DATA SUPPLIED:
▼
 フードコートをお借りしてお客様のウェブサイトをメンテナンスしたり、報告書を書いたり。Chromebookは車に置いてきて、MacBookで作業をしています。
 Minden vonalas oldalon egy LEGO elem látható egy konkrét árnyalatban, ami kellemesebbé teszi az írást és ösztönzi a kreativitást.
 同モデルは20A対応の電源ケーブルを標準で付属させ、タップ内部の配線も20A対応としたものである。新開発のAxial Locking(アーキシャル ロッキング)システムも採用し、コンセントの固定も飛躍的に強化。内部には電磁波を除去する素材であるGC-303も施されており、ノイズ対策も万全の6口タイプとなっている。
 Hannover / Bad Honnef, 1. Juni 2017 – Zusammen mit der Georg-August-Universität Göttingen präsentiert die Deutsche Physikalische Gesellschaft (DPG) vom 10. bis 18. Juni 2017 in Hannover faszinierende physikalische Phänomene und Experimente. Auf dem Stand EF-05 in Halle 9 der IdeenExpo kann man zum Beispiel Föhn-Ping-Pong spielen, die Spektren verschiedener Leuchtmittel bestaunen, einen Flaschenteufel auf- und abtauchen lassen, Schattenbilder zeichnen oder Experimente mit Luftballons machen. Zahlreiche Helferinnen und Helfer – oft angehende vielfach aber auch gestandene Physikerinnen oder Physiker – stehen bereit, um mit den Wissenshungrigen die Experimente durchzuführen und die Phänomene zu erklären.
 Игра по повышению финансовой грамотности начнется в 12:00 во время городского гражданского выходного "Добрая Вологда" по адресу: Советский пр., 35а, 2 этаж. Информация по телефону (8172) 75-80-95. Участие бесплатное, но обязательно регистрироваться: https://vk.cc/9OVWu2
▲
▼
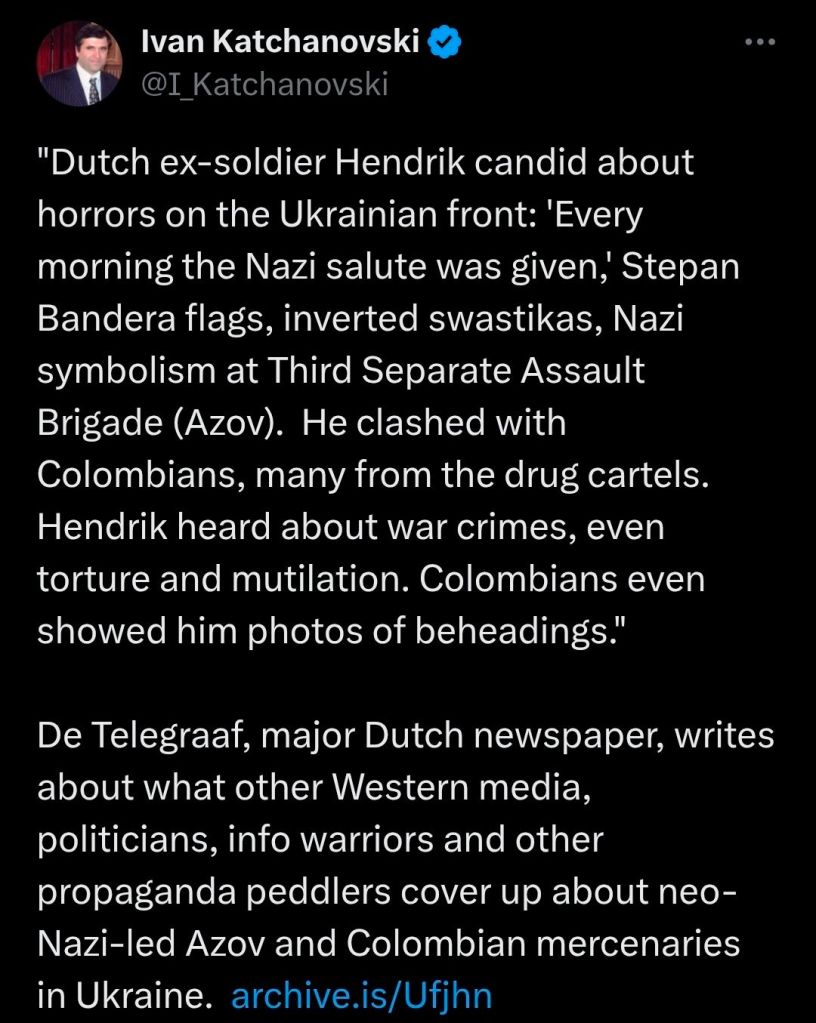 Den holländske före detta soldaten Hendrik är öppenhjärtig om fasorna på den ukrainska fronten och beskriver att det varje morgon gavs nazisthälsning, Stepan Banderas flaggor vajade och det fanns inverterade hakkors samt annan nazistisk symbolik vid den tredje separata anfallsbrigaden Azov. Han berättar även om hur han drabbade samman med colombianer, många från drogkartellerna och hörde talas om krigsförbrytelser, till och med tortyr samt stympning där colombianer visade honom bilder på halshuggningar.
▲
WORK INSTRUCTION: When you reach the line in the material above that holds "フードコートをお借りしてお客", begin reproducing lines exactly, and stop after the line that holds "Игра по повышению".

ANSWER TO THIS PROBLEM:
 フードコートをお借りしてお客様のウェブサイトをメンテナンスしたり、報告書を書いたり。Chromebookは車に置いてきて、MacBookで作業をしています。
 Minden vonalas oldalon egy LEGO elem látható egy konkrét árnyalatban, ami kellemesebbé teszi az írást és ösztönzi a kreativitást.
 同モデルは20A対応の電源ケーブルを標準で付属させ、タップ内部の配線も20A対応としたものである。新開発のAxial Locking(アーキシャル ロッキング)システムも採用し、コンセントの固定も飛躍的に強化。内部には電磁波を除去する素材であるGC-303も施されており、ノイズ対策も万全の6口タイプとなっている。
 Hannover / Bad Honnef, 1. Juni 2017 – Zusammen mit der Georg-August-Universität Göttingen präsentiert die Deutsche Physikalische Gesellschaft (DPG) vom 10. bis 18. Juni 2017 in Hannover faszinierende physikalische Phänomene und Experimente. Auf dem Stand EF-05 in Halle 9 der IdeenExpo kann man zum Beispiel Föhn-Ping-Pong spielen, die Spektren verschiedener Leuchtmittel bestaunen, einen Flaschenteufel auf- und abtauchen lassen, Schattenbilder zeichnen oder Experimente mit Luftballons machen. Zahlreiche Helferinnen und Helfer – oft angehende vielfach aber auch gestandene Physikerinnen oder Physiker – stehen bereit, um mit den Wissenshungrigen die Experimente durchzuführen und die Phänomene zu erklären.
 Игра по повышению финансовой грамотности начнется в 12:00 во время городского гражданского выходного "Добрая Вологда" по адресу: Советский пр., 35а, 2 этаж. Информация по телефону (8172) 75-80-95. Участие бесплатное, но обязательно регистрироваться: https://vk.cc/9OVWu2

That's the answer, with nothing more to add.